According to this embodiment, in addition to the same actions and effects as those in Embodiment 1, there is the advantage that the stationary blades 2 are not separated from each other even when the band member 5 is detached during a dismounting operation for inspection or the like.
The invention thus described, it will be obvious that the same may be varied in many ways. For example, various changes, such as changes in the shapes of the inner and outer shroud portions, the seal holder, and the band member, can be made. In addition, not only the band member, but also various welding methods (laser, arc, electronic beam, etc.) are available as the coupling means. Such variations are not to be regarded as a departure from the spirit and scope of the invention, and all such modifications as would be obvious to one skilled in the art are intended to be included within the scope of the following claims.

Claims

1. A stationary blade ring of an axial compressor, comprising a plurality of units connected-together in a circumferential direction,

each unit comprising:

a plurality of stationary blades adjacent to each other in the circumferential direction;

an inner shroud portion and an outer shroud portion dividedly formed per stationary blade, and formed integrally with each stationary blade; and

a band member for coupling together the plurality of stationary blades at the outer shroud portions.

2. The stationary blade ring of an axial compressor according to claim 1, wherein the band member is directly slidably fitted into a guide groove portion on a side of a compressor casing.

3. The stationary blade ring of an axial compressor according to claim 2, wherein the outer shroud portions for the plurality of stationary blades are coupled together by an auxiliary band member different from the band member.

4. The stationary blade ring of an axial compressor according to claim 1, wherein the outer shroud portions coupled by the band member are directly slidably fitted into a guide groove portion on a side of a compressor casing.

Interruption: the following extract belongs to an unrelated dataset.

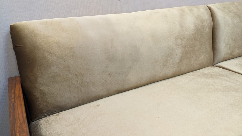 Freshly upholstered in soft velvet fabric, giving it a rich, smooth look.

5. The stationary blade ring of an axial compressor according to claim 1, wherein the inner shroud portions are held by a seal holder having a length corresponding to the plurality of stationary blades adjacent to each other in the circumferential direction.

6. The stationary blade ring of an axial compressor according to claim 5, wherein the seal holder is divided into two portions in a flowing direction of a working fluid, and the two portions are fastened together by a fastening means.

7. A stationary blade ring of an axial compressor, comprising a plurality of units connected together in a circumferential direction,

each unit comprising:

an inner shroud portion and an outer shroud portion dividedly formed per stationary blade, and formed integrally with each stationary blade;

connecting means for coupling together the plurality of stationary blades at the outer shroud portions; and

a seal holder for holding the inner shroud portions, the seal holder having a length corresponding to the plurality of stationary blades.

8. The stationary blade ring of an axial compressor according to claim 7, wherein the seal holder is divided into two portions in a flowing direction of a working fluid, and the two portions are fastened together by a fastening means.

9. The stationary blade ring of an axial compressor according to claim 7, wherein the inner shroud portion and the seal holder are bound together by a pin.

10. The stationary blade ring of an axial compressor according to claim 7, wherein a spacer is interposed between the inner shroud portions adjacent to each other in the circumferential direction, and a spacer is interposed between the outer shroud portions adjacent to each other in the circumferential direction.